* _PROMPT_
Repeat every record exactly, but keep images out of the copy.

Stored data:
————————

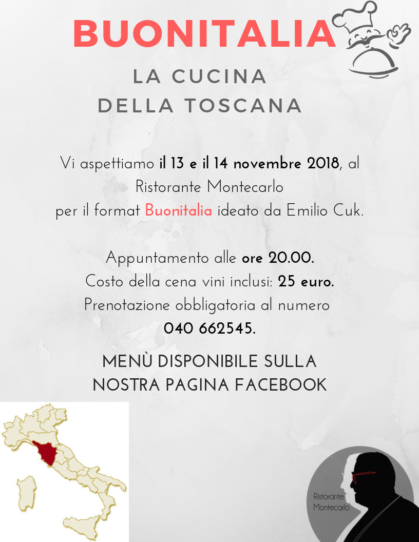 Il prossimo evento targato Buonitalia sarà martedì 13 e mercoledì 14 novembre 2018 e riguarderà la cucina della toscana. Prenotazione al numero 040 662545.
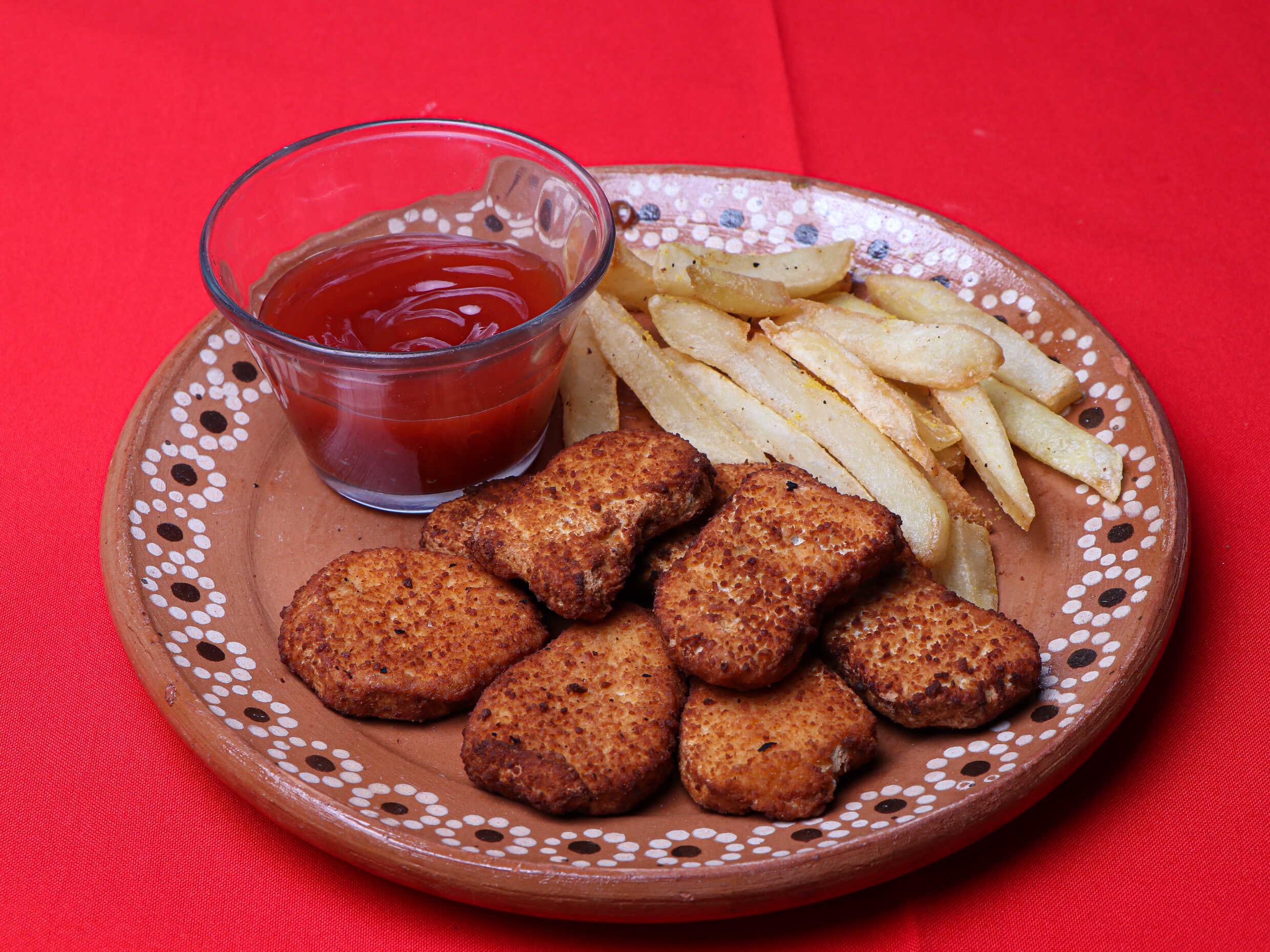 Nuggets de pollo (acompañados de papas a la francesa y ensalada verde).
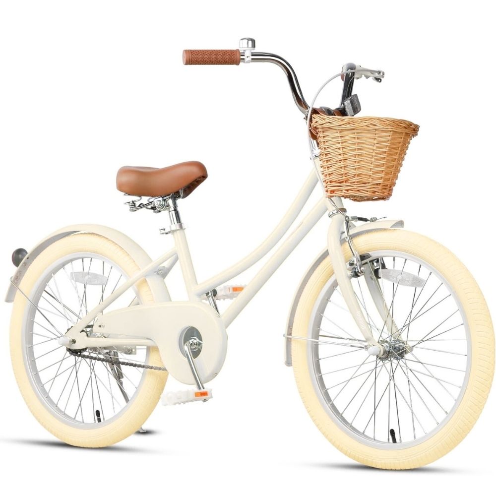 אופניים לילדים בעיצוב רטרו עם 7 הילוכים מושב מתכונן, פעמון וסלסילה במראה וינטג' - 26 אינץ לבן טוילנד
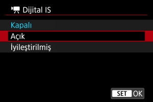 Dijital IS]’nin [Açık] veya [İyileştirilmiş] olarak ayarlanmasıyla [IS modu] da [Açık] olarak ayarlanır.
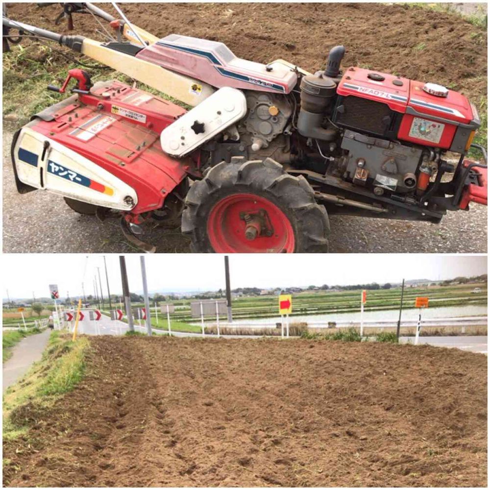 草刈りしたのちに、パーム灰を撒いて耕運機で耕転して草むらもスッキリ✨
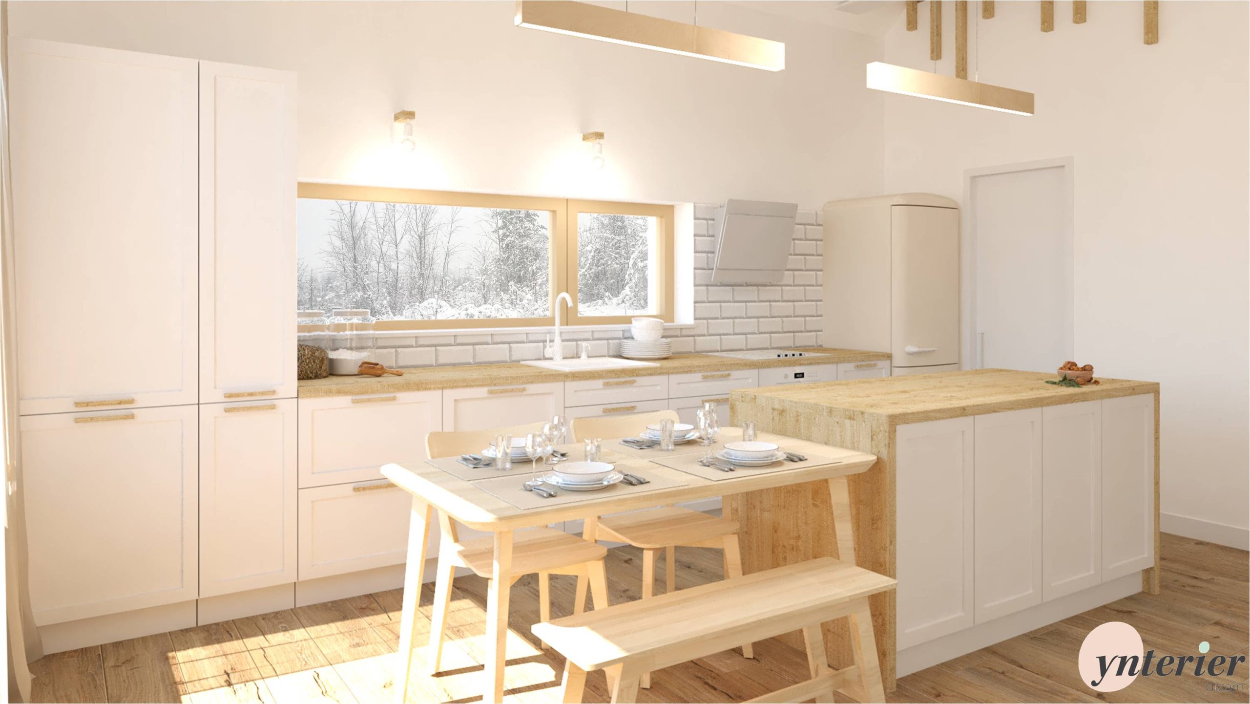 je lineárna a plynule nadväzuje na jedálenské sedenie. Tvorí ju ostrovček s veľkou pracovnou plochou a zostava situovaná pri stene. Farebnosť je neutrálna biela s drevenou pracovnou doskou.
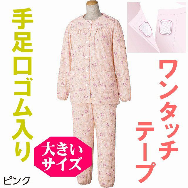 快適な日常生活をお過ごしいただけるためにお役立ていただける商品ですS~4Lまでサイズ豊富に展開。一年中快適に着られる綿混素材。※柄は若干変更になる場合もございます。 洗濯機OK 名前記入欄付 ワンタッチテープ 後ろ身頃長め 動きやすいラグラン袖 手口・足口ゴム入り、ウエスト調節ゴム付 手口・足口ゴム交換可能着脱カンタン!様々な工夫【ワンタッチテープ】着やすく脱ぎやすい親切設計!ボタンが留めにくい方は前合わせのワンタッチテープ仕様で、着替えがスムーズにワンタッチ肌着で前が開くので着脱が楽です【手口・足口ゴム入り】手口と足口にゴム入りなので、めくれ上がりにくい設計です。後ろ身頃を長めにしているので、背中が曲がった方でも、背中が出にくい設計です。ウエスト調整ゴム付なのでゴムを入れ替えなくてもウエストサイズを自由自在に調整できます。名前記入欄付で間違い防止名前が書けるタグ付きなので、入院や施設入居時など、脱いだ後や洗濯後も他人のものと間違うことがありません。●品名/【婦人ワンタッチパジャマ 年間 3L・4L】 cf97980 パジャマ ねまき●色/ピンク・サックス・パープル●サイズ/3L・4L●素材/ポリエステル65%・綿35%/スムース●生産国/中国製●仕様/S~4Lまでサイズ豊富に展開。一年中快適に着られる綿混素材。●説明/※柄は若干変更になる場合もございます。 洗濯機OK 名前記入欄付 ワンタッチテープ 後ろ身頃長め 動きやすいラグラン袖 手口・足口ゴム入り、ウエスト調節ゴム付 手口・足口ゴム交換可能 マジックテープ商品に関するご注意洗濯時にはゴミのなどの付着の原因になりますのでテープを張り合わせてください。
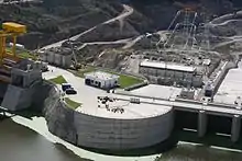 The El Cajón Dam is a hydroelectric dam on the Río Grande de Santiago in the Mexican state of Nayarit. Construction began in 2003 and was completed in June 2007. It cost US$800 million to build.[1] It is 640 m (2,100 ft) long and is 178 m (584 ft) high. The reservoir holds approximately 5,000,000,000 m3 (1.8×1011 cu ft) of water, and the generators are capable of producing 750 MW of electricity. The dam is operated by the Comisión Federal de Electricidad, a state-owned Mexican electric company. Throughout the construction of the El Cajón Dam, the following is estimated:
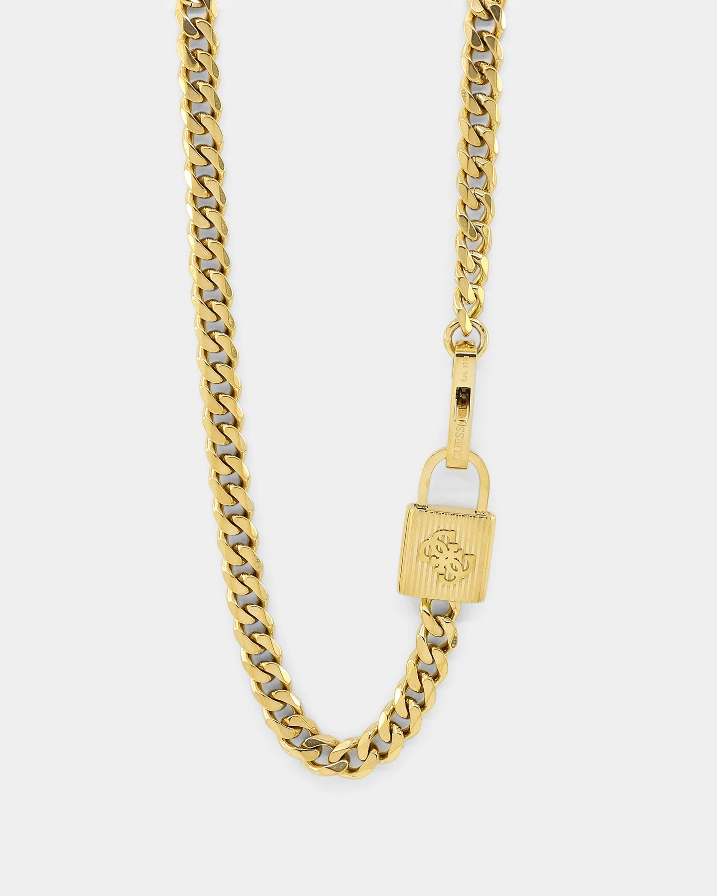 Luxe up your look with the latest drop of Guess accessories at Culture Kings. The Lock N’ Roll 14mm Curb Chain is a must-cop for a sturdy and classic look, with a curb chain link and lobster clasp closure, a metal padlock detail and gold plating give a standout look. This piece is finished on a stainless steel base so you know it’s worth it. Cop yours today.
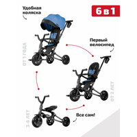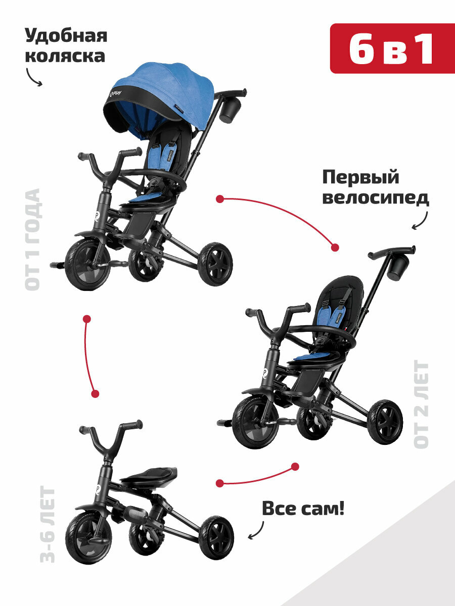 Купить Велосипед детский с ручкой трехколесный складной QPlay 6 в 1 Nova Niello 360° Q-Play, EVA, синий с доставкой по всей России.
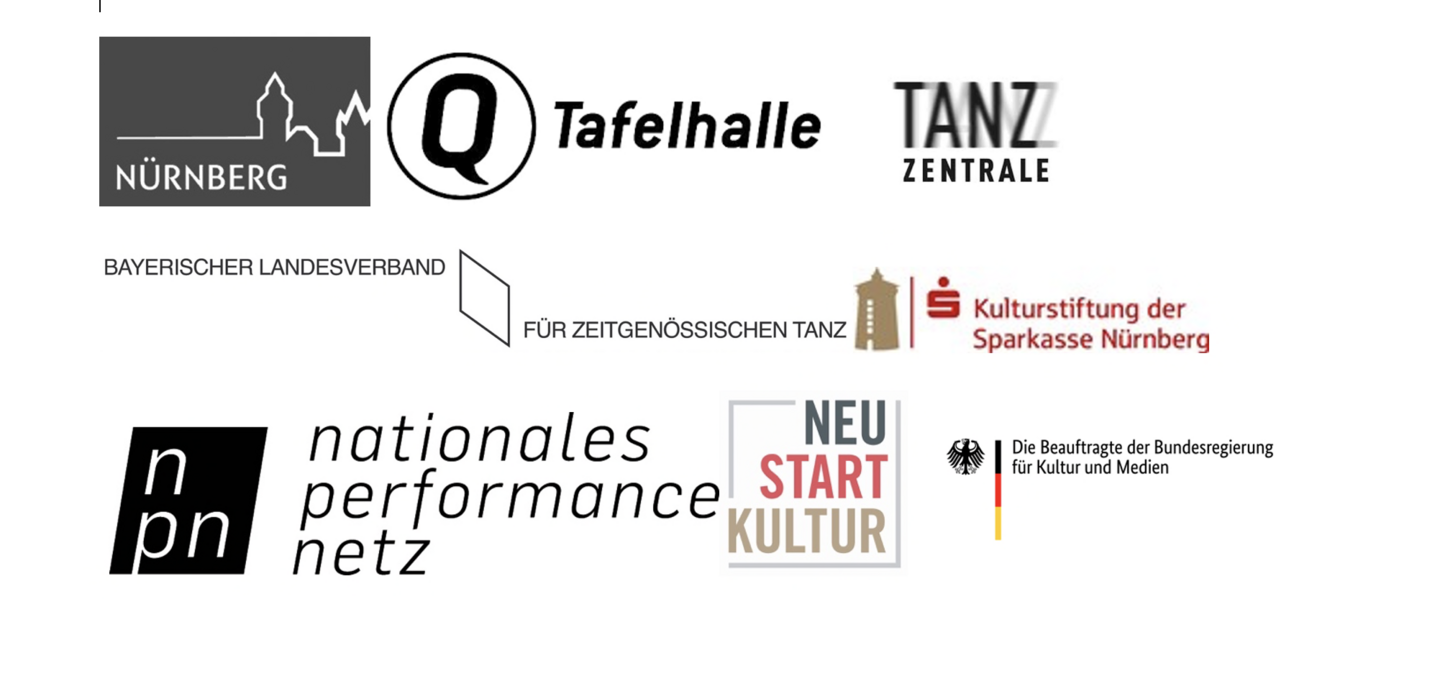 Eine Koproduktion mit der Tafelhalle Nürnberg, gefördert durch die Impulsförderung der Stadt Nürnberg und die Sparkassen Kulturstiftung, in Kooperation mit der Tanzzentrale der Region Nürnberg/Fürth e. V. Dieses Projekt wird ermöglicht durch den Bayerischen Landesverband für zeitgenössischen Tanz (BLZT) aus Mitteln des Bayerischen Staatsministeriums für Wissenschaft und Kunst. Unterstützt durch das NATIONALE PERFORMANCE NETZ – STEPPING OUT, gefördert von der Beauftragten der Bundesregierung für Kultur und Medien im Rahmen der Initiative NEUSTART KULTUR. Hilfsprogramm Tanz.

————————

* _WORKED SOLUTION_
 Il prossimo evento targato Buonitalia sarà martedì 13 e mercoledì 14 novembre 2018 e riguarderà la cucina della toscana. Prenotazione al numero 040 662545.
 Nuggets de pollo (acompañados de papas a la francesa y ensalada verde).
 אופניים לילדים בעיצוב רטרו עם 7 הילוכים מושב מתכונן, פעמון וסלסילה במראה וינטג' - 26 אינץ לבן טוילנד
 Dijital IS]’nin [Açık] veya [İyileştirilmiş] olarak ayarlanmasıyla [IS modu] da [Açık] olarak ayarlanır.
 草刈りしたのちに、パーム灰を撒いて耕運機で耕転して草むらもスッキリ✨
 je lineárna a plynule nadväzuje na jedálenské sedenie. Tvorí ju ostrovček s veľkou pracovnou plochou a zostava situovaná pri stene. Farebnosť je neutrálna biela s drevenou pracovnou doskou.
 快適な日常生活をお過ごしいただけるためにお役立ていただける商品ですS~4Lまでサイズ豊富に展開。一年中快適に着られる綿混素材。※柄は若干変更になる場合もございます。 洗濯機OK 名前記入欄付 ワンタッチテープ 後ろ身頃長め 動きやすいラグラン袖 手口・足口ゴム入り、ウエスト調節ゴム付 手口・足口ゴム交換可能着脱カンタン!様々な工夫【ワンタッチテープ】着やすく脱ぎやすい親切設計!ボタンが留めにくい方は前合わせのワンタッチテープ仕様で、着替えがスムーズにワンタッチ肌着で前が開くので着脱が楽です【手口・足口ゴム入り】手口と足口にゴム入りなので、めくれ上がりにくい設計です。後ろ身頃を長めにしているので、背中が曲がった方でも、背中が出にくい設計です。ウエスト調整ゴム付なのでゴムを入れ替えなくてもウエストサイズを自由自在に調整できます。名前記入欄付で間違い防止名前が書けるタグ付きなので、入院や施設入居時など、脱いだ後や洗濯後も他人のものと間違うことがありません。●品名/【婦人ワンタッチパジャマ 年間 3L・4L】 cf97980 パジャマ ねまき●色/ピンク・サックス・パープル●サイズ/3L・4L●素材/ポリエステル65%・綿35%/スムース●生産国/中国製●仕様/S~4Lまでサイズ豊富に展開。一年中快適に着られる綿混素材。●説明/※柄は若干変更になる場合もございます。 洗濯機OK 名前記入欄付 ワンタッチテープ 後ろ身頃長め 動きやすいラグラン袖 手口・足口ゴム入り、ウエスト調節ゴム付 手口・足口ゴム交換可能 マジックテープ商品に関するご注意洗濯時にはゴミのなどの付着の原因になりますのでテープを張り合わせてください。
 The El Cajón Dam is a hydroelectric dam on the Río Grande de Santiago in the Mexican state of Nayarit. Construction began in 2003 and was completed in June 2007. It cost US$800 million to build.[1] It is 640 m (2,100 ft) long and is 178 m (584 ft) high. The reservoir holds approximately 5,000,000,000 m3 (1.8×1011 cu ft) of water, and the generators are capable of producing 750 MW of electricity. The dam is operated by the Comisión Federal de Electricidad, a state-owned Mexican electric company. Throughout the construction of the El Cajón Dam, the following is estimated:
 Luxe up your look with the latest drop of Guess accessories at Culture Kings. The Lock N’ Roll 14mm Curb Chain is a must-cop for a sturdy and classic look, with a curb chain link and lobster clasp closure, a metal padlock detail and gold plating give a standout look. This piece is finished on a stainless steel base so you know it’s worth it. Cop yours today.
 Купить Велосипед детский с ручкой трехколесный складной QPlay 6 в 1 Nova Niello 360° Q-Play, EVA, синий с доставкой по всей России.
 Eine Koproduktion mit der Tafelhalle Nürnberg, gefördert durch die Impulsförderung der Stadt Nürnberg und die Sparkassen Kulturstiftung, in Kooperation mit der Tanzzentrale der Region Nürnberg/Fürth e. V. Dieses Projekt wird ermöglicht durch den Bayerischen Landesverband für zeitgenössischen Tanz (BLZT) aus Mitteln des Bayerischen Staatsministeriums für Wissenschaft und Kunst. Unterstützt durch das NATIONALE PERFORMANCE NETZ – STEPPING OUT, gefördert von der Beauftragten der Bundesregierung für Kultur und Medien im Rahmen der Initiative NEUSTART KULTUR. Hilfsprogramm Tanz.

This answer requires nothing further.